Now we use linear regression to predict the loan amount based on user’s details.
_#Assign the train and test datasets.
x=df[['Married', 'Not Graduate', 'Dependents',
'Self_Employed','ApplicantIncome','CoapplicantIncome','Semiurban','Urban','Loan_Amount_Term']]
y=df['LoanAmount']
X_train,X_test,Y_train,Y_test=train_test_split(x,y,test_size=0.3,random_state=101)
from sklearn.linear_model import LinearRegression
#Train the model to predict the values.
lm=LinearRegression()
lm.fit(X_train,Y_train)
Now we find the intercept
print(lm.intercept_)
53.85642282094781
Now we print the values of coefficients. These coefficients can be used to find the value of loan amount that the user can take given the user’s details
coeff=pd.DataFrame(lm.coef_,x.columns,columns=['Coefficient'])
coeff
Now let us predict the loan amount for a random set of values.
lm.predict([[1,0,3,1,4000,3000,0,1,360]])
187.17168163
Bayesian Ridge regression
Bayesian regression allows a natural mechanism to survive insufficient data or poorly distributed data by formulating linear regression using probability distributors rather than point estimates. The output or response ‘y’ is assumed to drawn from a probability distribution rather than estimated as a single value.
from sklearn import linear_model
bm=linear_model.BayesianRidge()
bm.fit(X_train,Y_train)
BayesianRidge(alpha_1=1e-06, alpha_2=1e-06, alpha_init=None,
compute_score=False, copy_X=True, fit_intercept=True,
lambda_1=1e-06, lambda_2=1e-06, lambda_init=None, n_iter=300,
normalize=False, tol=0.001, verbose=False)
Now let us predict the loan amount for a random set of values.
bm.predict([[1,0,3,1,4000,3000,0,1,360,1.0]])
143.98938586
XGB regression
Regression predictive modeling problems involve predicting a numerical value such as a dollar amount or a height. XGBoost can be used directly for regression predictive modeling.
from xgboost import XGBRegressor
model=XGBRegressor()
model.fit(X_train,Y_train)
XGBRegressor(base_score=0.5, booster='gbtree', colsample_bylevel=1,
colsample_bynode=1, colsample_bytree=1, gamma=0,
importance_type='gain', learning_rate=0.1, max_delta_step=0,
max_depth=3, min_child_weight=1, missing=None, n_estimators=100,
n_jobs=1, nthread=None, objective='reg:linear', random_state=0,
reg_alpha=0, reg_lambda=1, scale_pos_weight=1, seed=None,
silent=None, subsample=1, verbosity=1)
Now let us predict the loan amount for a random set of values.
yhat = model.predict([[1,0,3,1,4000,3000,0,1,360,1.0]])
155.877
Random forest regressor
A random forest is a meta estimator that fits a number of classifying decision trees on various sub-samples of the dataset and uses averaging to improve the predictive accuracy and control over-fitting. The sub-sample size is controlled with the max_samples parameter if bootstrap=True (default), otherwise the whole dataset is used to build each tree.
from sklearn.ensemble import RandomForestRegressor
regr = RandomForestRegressor(max_depth=2, random_state=0)
regr.fit(X_train,Y_train)
RandomForestRegressor(bootstrap=True, ccp_alpha=0.0, criterion='mse',
max_depth=2, max_features='auto', max_leaf_nodes=None,
max_samples=None, min_impurity_decrease=0.0,
min_impurity_split=None, min_samples_leaf=1,
min_samples_split=2, min_weight_fraction_leaf=0.0,
n_estimators=100, n_jobs=None, oob_score=False,
random_state=0, verbose=0, warm_start=False)
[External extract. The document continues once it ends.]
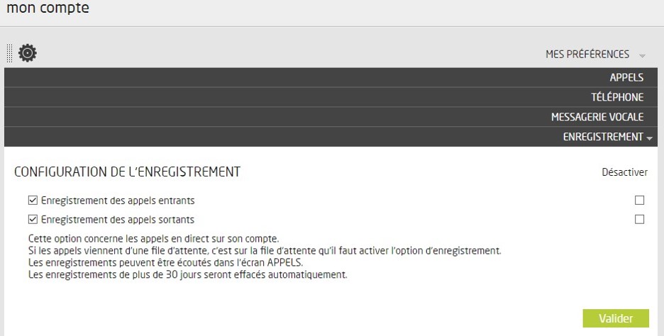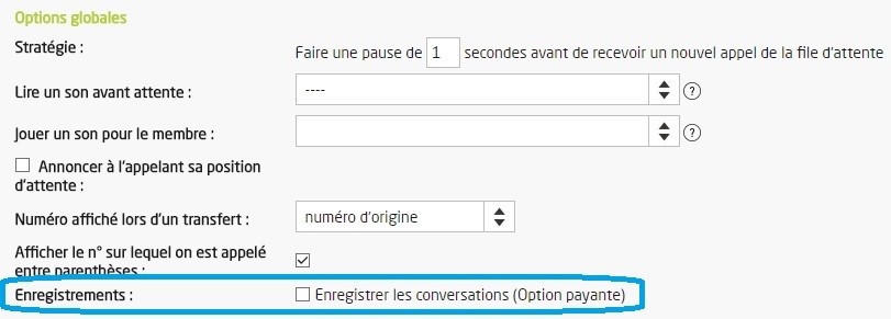 L’option d’enregistrement permet d’enregistrer les appels entrant et/ou sortant d’un compte Livéo ou d’une File d’Attente.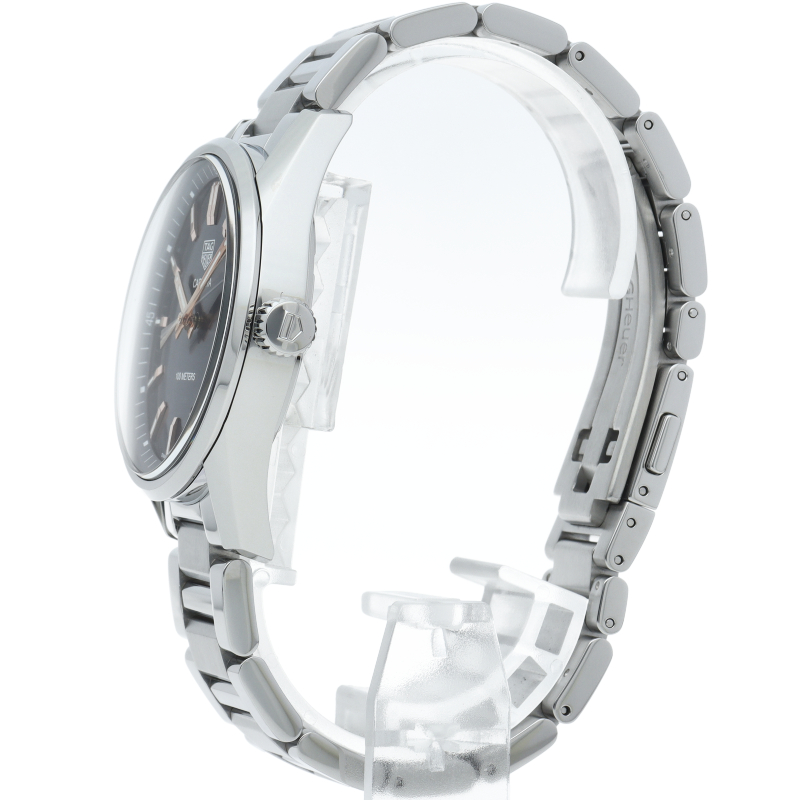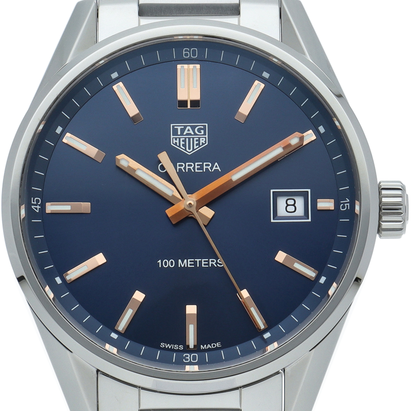 今までのカレラシリーズが持つスポーティーな雰囲気を守りつつ、クラシックかつエレガントなデザインの「カレラ ローズゴールドアクセント」。ブルーダイアル上のアワーインデックスと針にローズゴールドメッキを施して高級感を演出しています。

Now let us predict the loan amount for a random set of values.
regr.predict([[1,0,3,1,4000,3000,0,1,360,1.0]])
123.46250175
Model performance comparision
Max_error
The max_error function computes the maximum residual error , a metric that captures the worst case error between the predicted value and the true value. In a perfectly fitted single output regression model, max_error would be 0 on the training set and though this would be highly unlikely in the real world, this metric shows the extent of error that the model had when it was fitted.
Variance score
The explained variance score explains the dispersion of errors of a given dataset. Scores close to 1.0 are highly desired, indicating better squares of standard deviations of errors.